4 Common Cryptocurrency Scams

4 Common Cryptocurrency Scams

4 Common Cryptocurrency Scams

By Ben Hartwig – Blockchain.News

Wherever there is a new financial product or industry trend, you can be sure that there are scammers out there waiting to try and take advantage.

Cryptocurrency has exploded in recent years, and for this reason, you need to be really careful when you are involved in the industry and buying and selling crypto. There are a few common scams that you should be aware of. This will greatly reduce your chances of getting conned.

This isn’t an exhaustive list, there are certainly more crypto scams out there than on this list, but by knowing the most common ways in which you can get scammed, you’re more likely to prevent it from happening. Combine this with tools like reverse email lookup to ensure you know who to trust.

Your data is at risk when you use a crypto wallet service. There have been high-profile hacks where hackers manage to steal thousands of email addresses and other personal details. These can be published or sold on the dark web and you could even find yourself susceptible to an account takeover. When you use a crypto exchange or wallet, you must make sure that you know the company is trustworthy. Even then, some aspects are out of your hands.

ZDnet reports that there were billions stolen last year, including attacks on Exchanges to the value of $300 million in losses. Even if the cryptocurrency itself is secure, hackers may have a way around it; targeting the wallets.

This government bulletin even warns people about the fact that crypto can be susceptible to hacking.

 

Scamming Emails

It’s always a possibility that you will get caught out by a scam email.
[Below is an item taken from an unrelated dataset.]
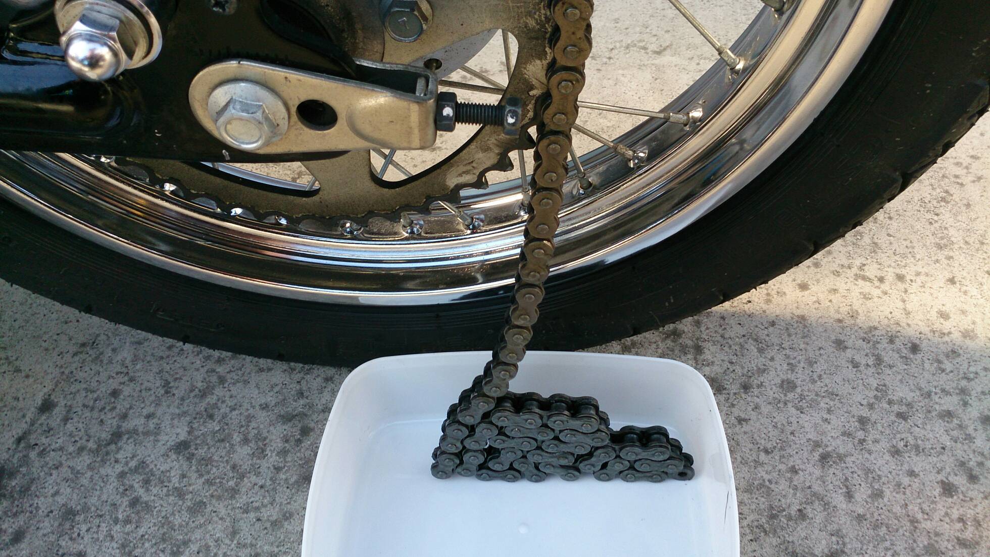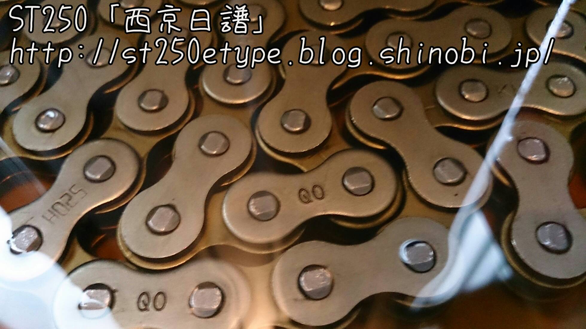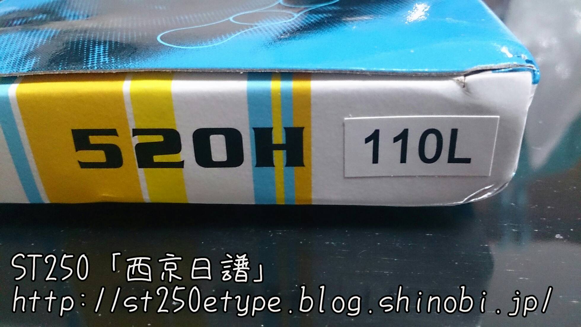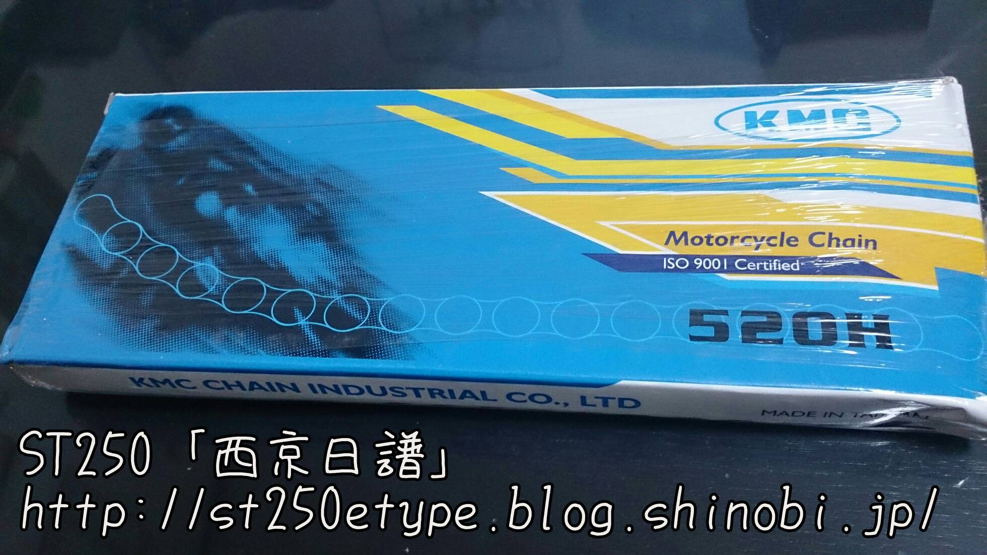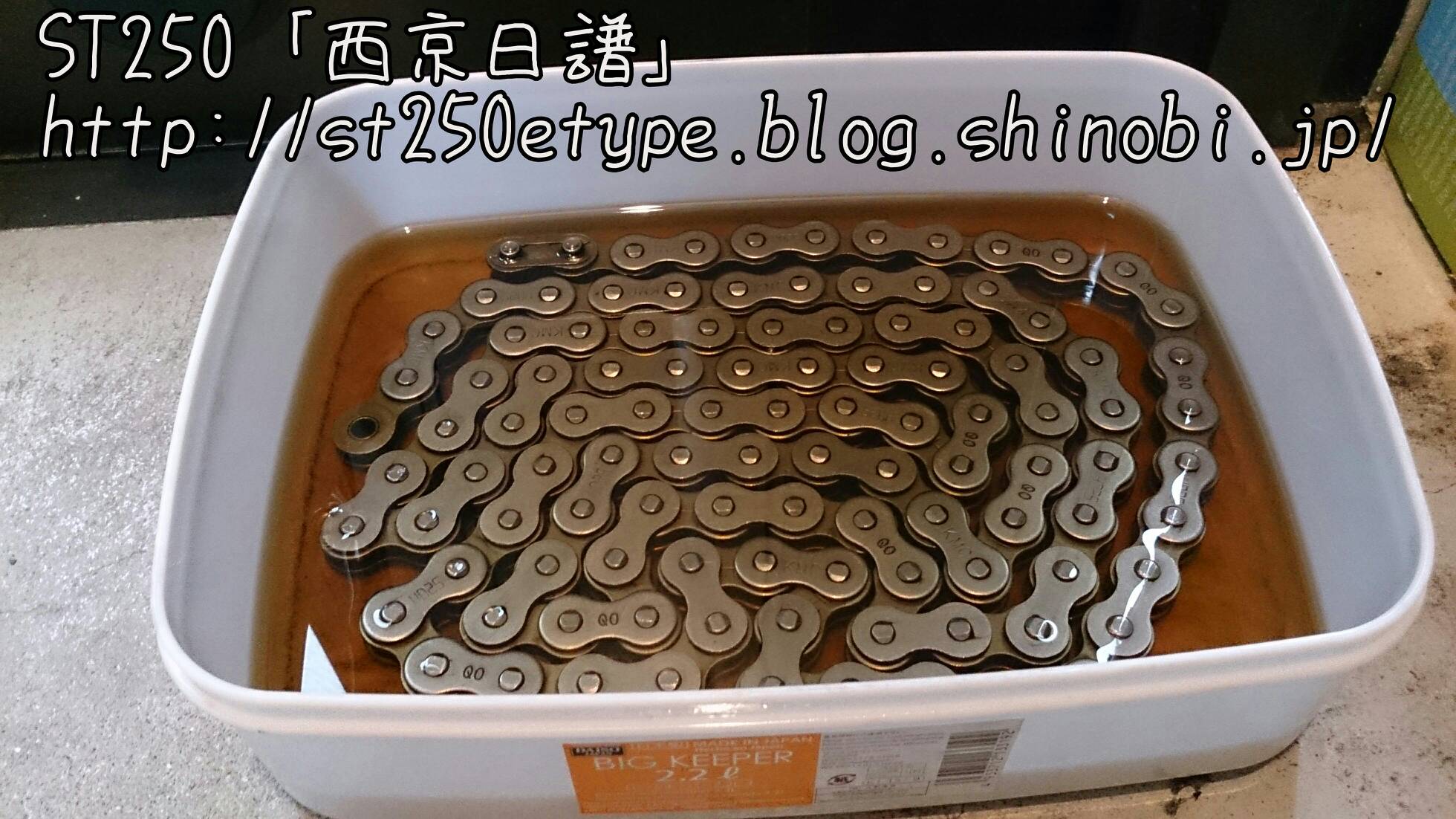 交換用チェーン(KMC 520H) 日記 2016年05月06日 0 最近はSTの整備をしていませんでした。4月から仕事が繁忙期に入ったためですが、荒天時も構わず乗り続けました。ただ、週1度のチェーンへの注油のみ。チェーンを交換してから約1000km乗りましたが、初期伸びはありませんでした。こまめに注油すると摩耗せず、伸びないのか?エンジンオイルを注油していますが、サラサラしている分切れるのが早いです。しかしスプロケットもチェーンも汚れません。非常に満足です。ただ、注油してすぐは垂れてきます。スプロケカバーの周辺とか、サイドスタンド付近などに油が垂れますのでアパートなどの駐輪場では汚さないよう注意が必要。で、交換用のチェーンを購入しました。(R2.11.20追記※結局、今はローテ交換していません。面倒なので。チェーンが痛んできたら買い替える、ということにしています。安いですし。)前回と同じくヤフオクの同じ出品物です。1990円+送料360円での購入、一番安いと思います。使うのは108コマですので、110コマを購入です。早速、軽く保護油をウエスで拭き取ってエンジンオイルにドボンと浸けます。タッパーは屋外ではすぐに劣化するので、次の出番まで玄関で保管します。エンジンオイルの匂いがするのでフタをするのは必須です。よく見ると、刻印が前回の物と違いました。前回は「PW」でした。この刻印は何なのでしょうか?交換の際に間違えないようにできるので、いいんですが。バイク(スズキ)ランキングへ PR

Many scammers send out phishing emails posing as a crypto marketplace or wallet you might be signed up to. This can make it incredibly difficult to differentiate what is real from what is a scam. If you get caught out you might end up accidentally giving your data to a scammer.

Always use a reverse email search tool so that you can check if the source of an email looks legit. It could be that it has come from a domain that is a spoof or has a history of scams.

 

Social Media Scams

Social media account takeovers and hacks can be dangerous. In some cases, Twitter accounts have been taken over, and people have asked for funds to be sent to their blockchain address.

This is usually in return for a promise of the money being sent back double, or some other reward that is never going to come. Even Elon Musk has had his account hacked and ended up a part of one of these crypto social media scams. Twitter’s share price dropped 5% as a result.

 

ICO Scams

Initial coin offerings give scammers the opportunity to scam people. This could be through a fake website, for example. It appears like any other ICO but when the user deposits their coins into the wallet, money may be stolen.

ICOs can be fully fraudulent, as people use fake advertising to try and scam people out of their hard-earned cash. The SEC has even had to step in with some examples, such as Plexcoin, which turned out to be nothing more than a Ponzi scheme.

There was a huge boom in these types of scams in 2017, largely triggered by the publicity of Ethereum, but ICO scams are becoming less frequent as the industry is now regulated far more heavily, but there are some scary examples of people losing a lot of money.

 

How to Report Cryptocurrency Scams

When you get scammed, quick reporting might help you to try and regain the money or to stop others from experiencing the same thing.

You don’t even have to have been the subject of a scam to report it. For example, if you see something on Twitter that looks like a scam, you may want to let the authorities know.

The Federal Trade Commission is responsible for this and they have published some intriguing figures. Did you know that according to the Consumer Sentinel Network Data Book, crypto has overtaken checkbook and money order scams in frequency, and the value now exceeds that of debit card scams?

The FTC may be able to help. Go straight to the FTC at ftc.gov/complaint where you can fill in a form providing details or even contact them directly. The FTC is working hard to prevent these types of financial scams.

 

Conclusion

Like virtually any big, growing industry, there are teething problems. For crypto, scams are one of the biggest issues people face. This doesn’t mean that you should avoid the industry altogether, but it makes a lot of sense to be vigilant and try to ensure that you don’t lose money by being too trusting.

Treat all emails and social media communication with a lot of caution when they are discussing Bitcoin or other cryptocurrencies, and ensure that you stay safe whenever giving out your details or handing over money.